Archer continues to encounter problems from two of the first hostile forces he encountered in space — the Klingons and the Suliban. Despite the fact that Archer has come to the aid of the Klingon Empire before, he was once arrested for conspiring to dishonor former captain Duras. Though the charges were false, Archer was sentenced to life in the dilithium mines on the penal colony of Rura Penthe. Luckily, his crewmates came to his rescue, although he remains a fugitive of the Klingons. They even put a sizeable bounty on his head — Archer was kidnapped by a Tellarite looking to collect. He eventually managed to sway the Tellarite to his cause, and once again escaped. Duras, however, refused to give up, and pursued Archer once more, just as the captain was taking Enterprise into the Delphic Expanse. Through some clever maneuvering, Archer managed to avoid the Klingon’s ship and eventually destroyed it.

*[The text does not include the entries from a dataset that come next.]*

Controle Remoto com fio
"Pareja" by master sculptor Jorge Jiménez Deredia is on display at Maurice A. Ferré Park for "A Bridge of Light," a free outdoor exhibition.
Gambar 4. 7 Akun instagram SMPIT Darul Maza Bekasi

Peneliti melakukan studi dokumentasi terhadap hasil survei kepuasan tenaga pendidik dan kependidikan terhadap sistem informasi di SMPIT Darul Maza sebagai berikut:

As for the Suliban Cabal, they disrupted Enterprise’s first mission by kidnapping Klaang, which led to a strangely personal face-off between the captain and Silik, a genetically enhanced Suliban warrior who knows Archer a little too well and considers him a personal nemesis. Silik is involved in something called the “Temporal Cold War,” which came home to Enterprise when Archer learned that one of his own crewmen, a steward named Daniels, is actually an operative from the future fighting against the Cabal and the people they’re taking orders from. Everything came to a head when the Suliban made it appear as though Enterprise had destroyed a Paraagan colony, an event that nearly put an end to the ship’s mission. Archer was then somehow transported to the 31st century, altering the timeline. With Daniels’ help, Archer managed to return to his own time and present evidence that the Suliban were behind the Paraagan tragedy. Although the Vulcans wanted to recall Enterprise (considering the crew’s somewhat shaky first year), T’Pol made a convincing argument to allow them to continue, once again demonstrating her allegiance to Archer.

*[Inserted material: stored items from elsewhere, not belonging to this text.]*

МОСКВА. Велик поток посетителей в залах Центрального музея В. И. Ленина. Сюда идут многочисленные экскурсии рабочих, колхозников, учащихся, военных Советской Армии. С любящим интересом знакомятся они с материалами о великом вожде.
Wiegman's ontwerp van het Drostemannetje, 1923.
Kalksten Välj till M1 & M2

Perhaps Archer’s greatest challenge is his newest mission, which is set to take Enterprise into the vast unknown. After a mysterious race known as the Xindi attacked Earth, cutting a devastating swath from Florida to Venezuela, Archer and his crew were ordered home. Along the way, the captain was kidnapped by Silik, who brought him before the mysterious humanoid figure that controls the Suliban Cabal. The figure gave Archer information about the attack, telling him that the Xindi had received information that Earth would one day destroy their homeworld. According to the mysterious figure, they are currently at work on a much larger weapon. Armed with this information, Archer asks Starfleet for a new mission: Enterprise must venture to the perilous Delphic Expanse, where the Xindi are located.
As Archer prepares to face this dangerous new foe, he can at least take comfort in his crew, which has proved to be one of the most loyal in the galaxy. Archer is clearly becoming the prototype for every Starfleet captain to come, perhaps for centuries. As he goes boldly into the unknown, making history with every light-year, Jonathan will never forget what his father used to tell him while they were flying model spaceships on the beach: “You can’t be afraid of the wind. Learn to trust it.”